The final whistle went and a chorus of boos rang out from the home fans. I`ve never been of this disposition before in my life, but I nearly joined them. They deserved it. A bunch of players that have collectively achieved as little as ours have have no right to display that kind of arrogance, especially when that was our hubris against the might of Hull City some three weeks earlier. You cannot write this off as a freak either, because the Fenerbahce game might easily have finished in a similar fashion. I`ve bored you all ad nauseam with my thoughts of defensive midfielders and centre halves, but that`s down to the manager. What was appalling about last night was the rank attitude. It has plagued us so many times before and our two most consistent performers, Clichy and Fabregas, were the most guilty. Worth mentioning that only Gallas did not walk off in a strop down the tunnel, he stayed behind to applaud the supporters. Certain other Arsenal blogs won`t mention that. I felt sorry for him last night, he was one of the few players who did not switch off into a self indulgent reverie.
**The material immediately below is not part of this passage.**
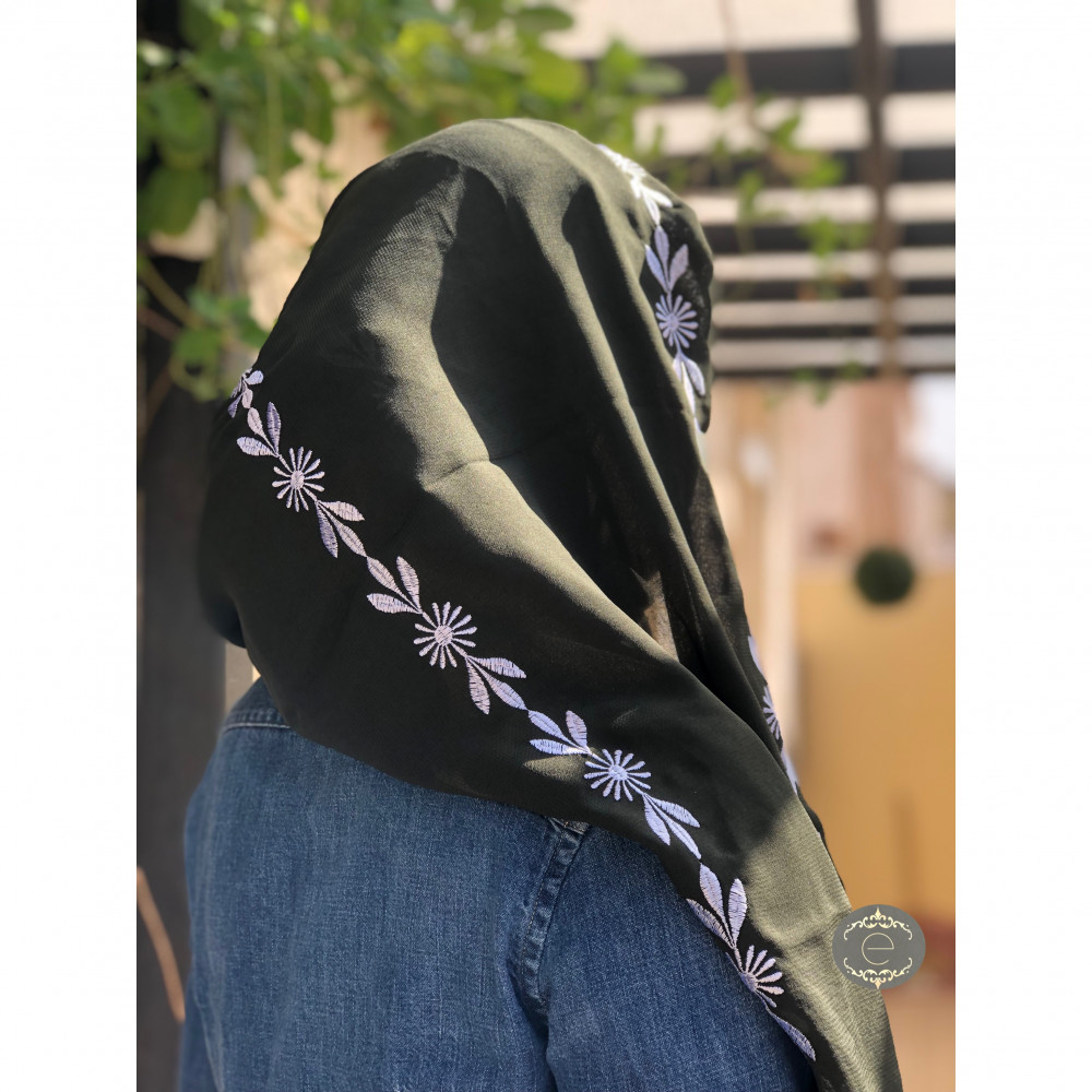 طرحة ليزر زيتي بتطريز على كامل الطرحة

He was a born winner surrounded by arrogant children, who have achieved nothing in the game of football, who refuse to learn from their mistakes and cavort with an arrogance I simply cannot relate to. Where does it come from? And what will the manager do to make sure they learn their lessons, I don`t care if he has to stick Gael Clichy in a darkened room Clockwork Orange style, with hooks under his eyelids and make him watch his mistake over and over again. (Reminiscent of Cole against Kazakhstan was it not?) Perhaps he can make Fabregas train with the Ladies team for a week, or better still dress him up in a gingham frock. This result feels a lot, lot worse than the 5-1 defeat, if only because of the attitude that informed it. Quite simply, this team do not have the correct mentality to win the big prizes. Given their refusal to learn from mistakes and repeat their glaring errors, I hold out little hope that they ever will have the correct mentality. Mealy mouthed platitudes expressing regret followed by a win against Stoke won`t cut it. They promised us Fulham was a one off. They promised us Hull was a one off. They have to demonstrate consistently that they will have respect for their opponents and apply themselves for 90 minutes in every game. I think they can do it, I just don`t think they will.LD.